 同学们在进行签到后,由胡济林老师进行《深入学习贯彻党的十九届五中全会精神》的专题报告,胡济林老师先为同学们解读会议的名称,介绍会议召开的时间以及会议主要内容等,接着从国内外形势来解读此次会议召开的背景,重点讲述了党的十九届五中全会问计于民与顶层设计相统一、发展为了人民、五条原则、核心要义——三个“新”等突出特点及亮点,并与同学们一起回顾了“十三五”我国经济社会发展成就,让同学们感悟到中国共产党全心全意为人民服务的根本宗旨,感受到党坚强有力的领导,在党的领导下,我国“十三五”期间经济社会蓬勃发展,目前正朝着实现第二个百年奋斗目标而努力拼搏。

--

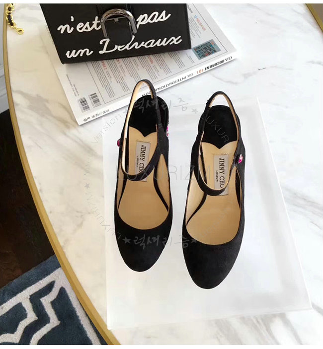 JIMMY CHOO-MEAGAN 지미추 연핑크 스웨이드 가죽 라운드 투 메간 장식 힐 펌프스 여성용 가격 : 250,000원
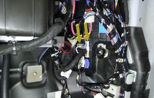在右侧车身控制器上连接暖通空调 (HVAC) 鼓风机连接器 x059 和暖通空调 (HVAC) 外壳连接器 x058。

* * *

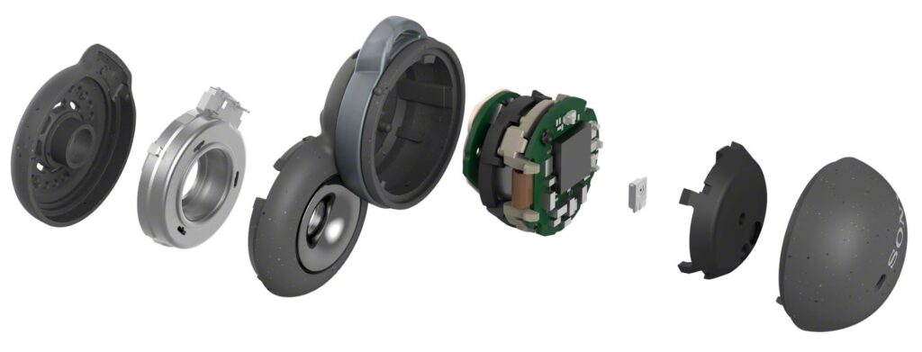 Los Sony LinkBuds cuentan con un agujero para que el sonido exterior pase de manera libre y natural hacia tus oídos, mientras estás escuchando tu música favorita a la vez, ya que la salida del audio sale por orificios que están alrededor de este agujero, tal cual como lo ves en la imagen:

■ **PROBLEM DESCRIPTION**
From the listing above, repeat only the lines between the line containing "JIMMY CHOO-MEAGAN 지미추" and the line containing "在右侧车身控制器上连接暖通空调 (HVAC) 鼓风机连接器", those two included. Pictures are not part of the copy.

■ **ANSWER BELOW**
 JIMMY CHOO-MEAGAN 지미추 연핑크 스웨이드 가죽 라운드 투 메간 장식 힐 펌프스 여성용 가격 : 250,000원
在右侧车身控制器上连接暖通空调 (HVAC) 鼓风机连接器 x059 和暖通空调 (HVAC) 外壳连接器 x058。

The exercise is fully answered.